**Assigned task**
Under this line sits a listing. Repeat exactly and only its lines from the one holding "وما دام ولي" through the one holding "Με κοτόπουλο, μπέικον, τυρί, μαρούλι, ντομάτα, σως"; skip pictures.

**Data under study**
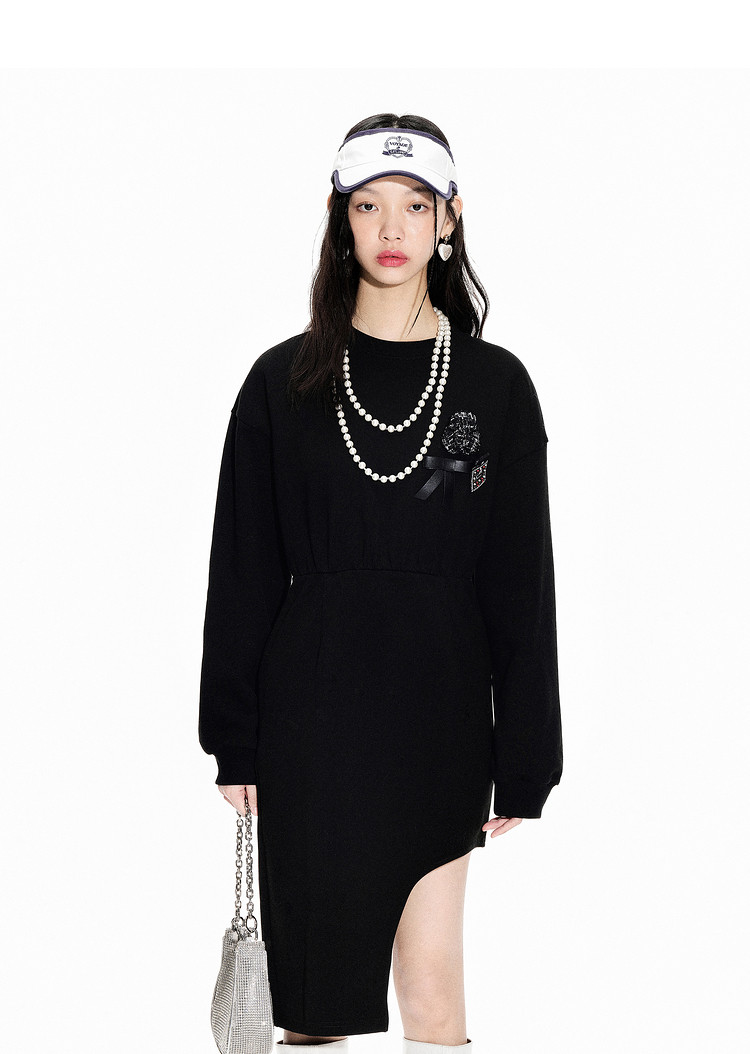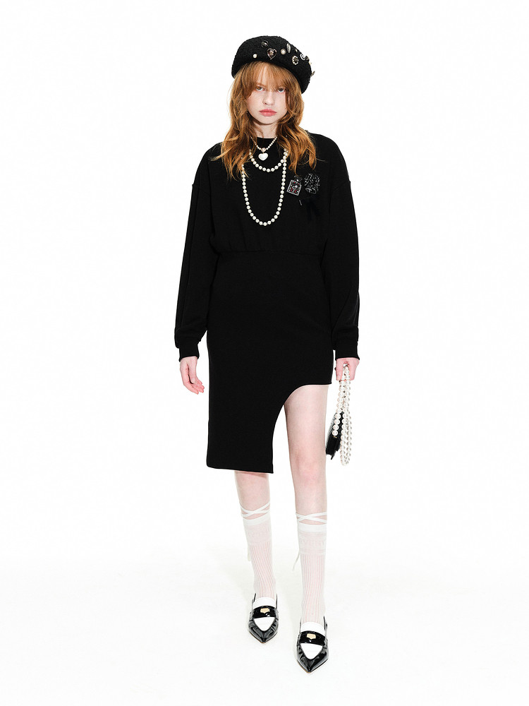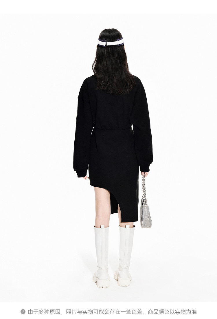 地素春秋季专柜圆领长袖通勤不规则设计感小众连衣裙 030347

--

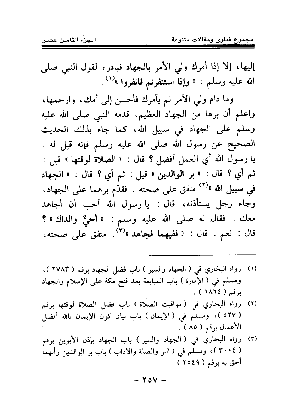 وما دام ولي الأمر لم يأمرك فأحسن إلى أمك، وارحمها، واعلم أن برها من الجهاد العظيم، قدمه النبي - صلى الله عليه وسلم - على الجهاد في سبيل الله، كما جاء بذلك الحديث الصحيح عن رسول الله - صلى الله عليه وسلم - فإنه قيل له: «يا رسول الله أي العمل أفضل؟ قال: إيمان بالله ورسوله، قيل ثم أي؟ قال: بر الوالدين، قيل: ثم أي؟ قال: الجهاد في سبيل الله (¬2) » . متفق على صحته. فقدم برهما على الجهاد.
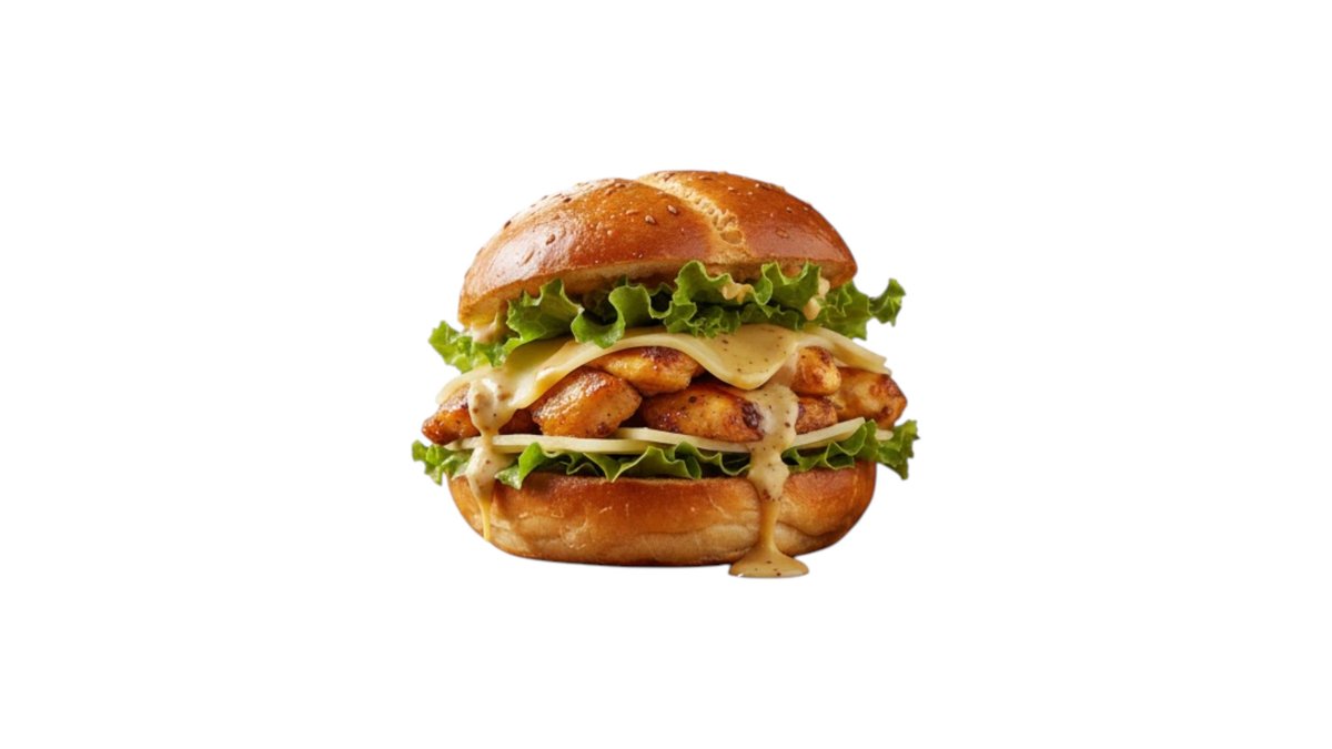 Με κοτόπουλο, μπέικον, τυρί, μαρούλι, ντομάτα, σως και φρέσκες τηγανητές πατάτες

**The answer**
 وما دام ولي الأمر لم يأمرك فأحسن إلى أمك، وارحمها، واعلم أن برها من الجهاد العظيم، قدمه النبي - صلى الله عليه وسلم - على الجهاد في سبيل الله، كما جاء بذلك الحديث الصحيح عن رسول الله - صلى الله عليه وسلم - فإنه قيل له: «يا رسول الله أي العمل أفضل؟ قال: إيمان بالله ورسوله، قيل ثم أي؟ قال: بر الوالدين، قيل: ثم أي؟ قال: الجهاد في سبيل الله (¬2) » . متفق على صحته. فقدم برهما على الجهاد.
 Με κοτόπουλο, μπέικον, τυρί, μαρούλι, ντομάτα, σως και φρέσκες τηγανητές πατάτες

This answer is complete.